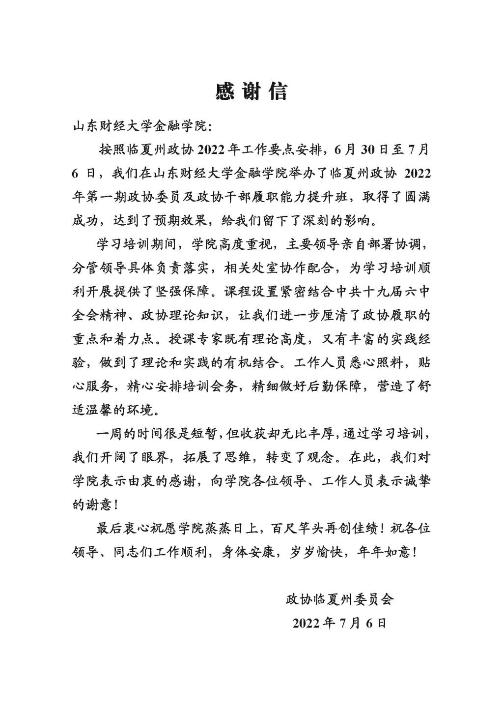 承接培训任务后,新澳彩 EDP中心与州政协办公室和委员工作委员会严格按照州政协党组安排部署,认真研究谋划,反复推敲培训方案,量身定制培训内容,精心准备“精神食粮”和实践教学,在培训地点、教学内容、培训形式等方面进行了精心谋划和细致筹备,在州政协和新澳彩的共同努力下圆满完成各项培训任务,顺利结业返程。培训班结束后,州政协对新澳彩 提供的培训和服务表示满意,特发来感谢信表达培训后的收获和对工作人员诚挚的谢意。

--

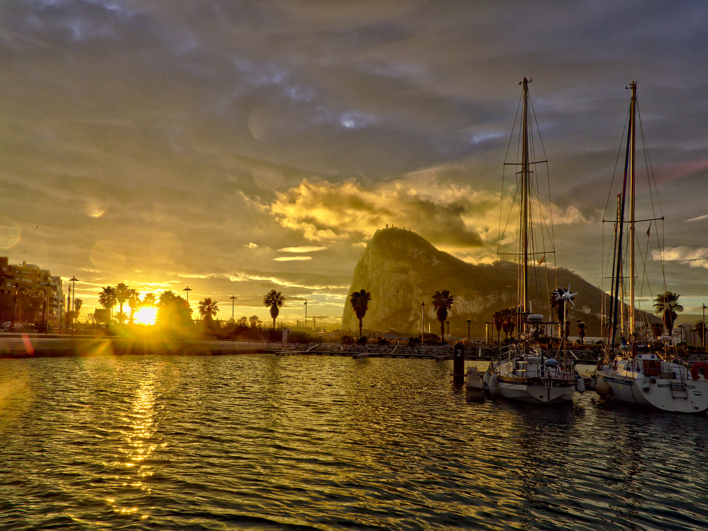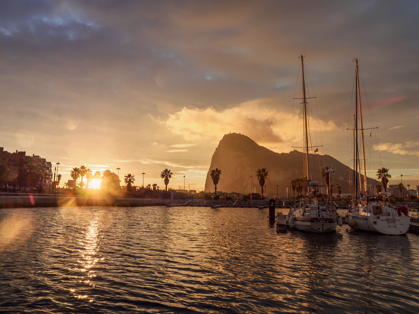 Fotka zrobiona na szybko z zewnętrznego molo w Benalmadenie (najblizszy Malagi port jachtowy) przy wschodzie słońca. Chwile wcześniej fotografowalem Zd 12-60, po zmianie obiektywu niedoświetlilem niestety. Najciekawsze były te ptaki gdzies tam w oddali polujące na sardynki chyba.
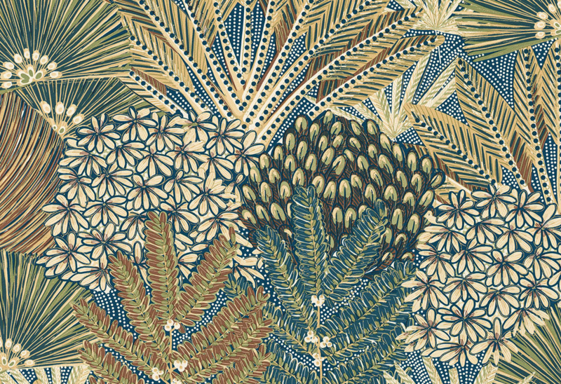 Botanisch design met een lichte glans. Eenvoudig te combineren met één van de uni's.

...

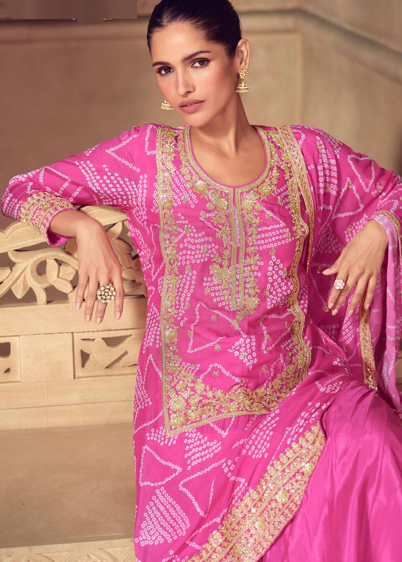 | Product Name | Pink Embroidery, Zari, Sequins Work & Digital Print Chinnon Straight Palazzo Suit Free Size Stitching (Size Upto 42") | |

#### Your goal
The answer is those lines of the material above that run from the one containing "Fotka zrobiona na" up to and including the one containing "Botanisch design met", restated exactly and without images.

#### Solution
 Fotka zrobiona na szybko z zewnętrznego molo w Benalmadenie (najblizszy Malagi port jachtowy) przy wschodzie słońca. Chwile wcześniej fotografowalem Zd 12-60, po zmianie obiektywu niedoświetlilem niestety. Najciekawsze były te ptaki gdzies tam w oddali polujące na sardynki chyba.
 Botanisch design met een lichte glans. Eenvoudig te combineren met één van de uni's.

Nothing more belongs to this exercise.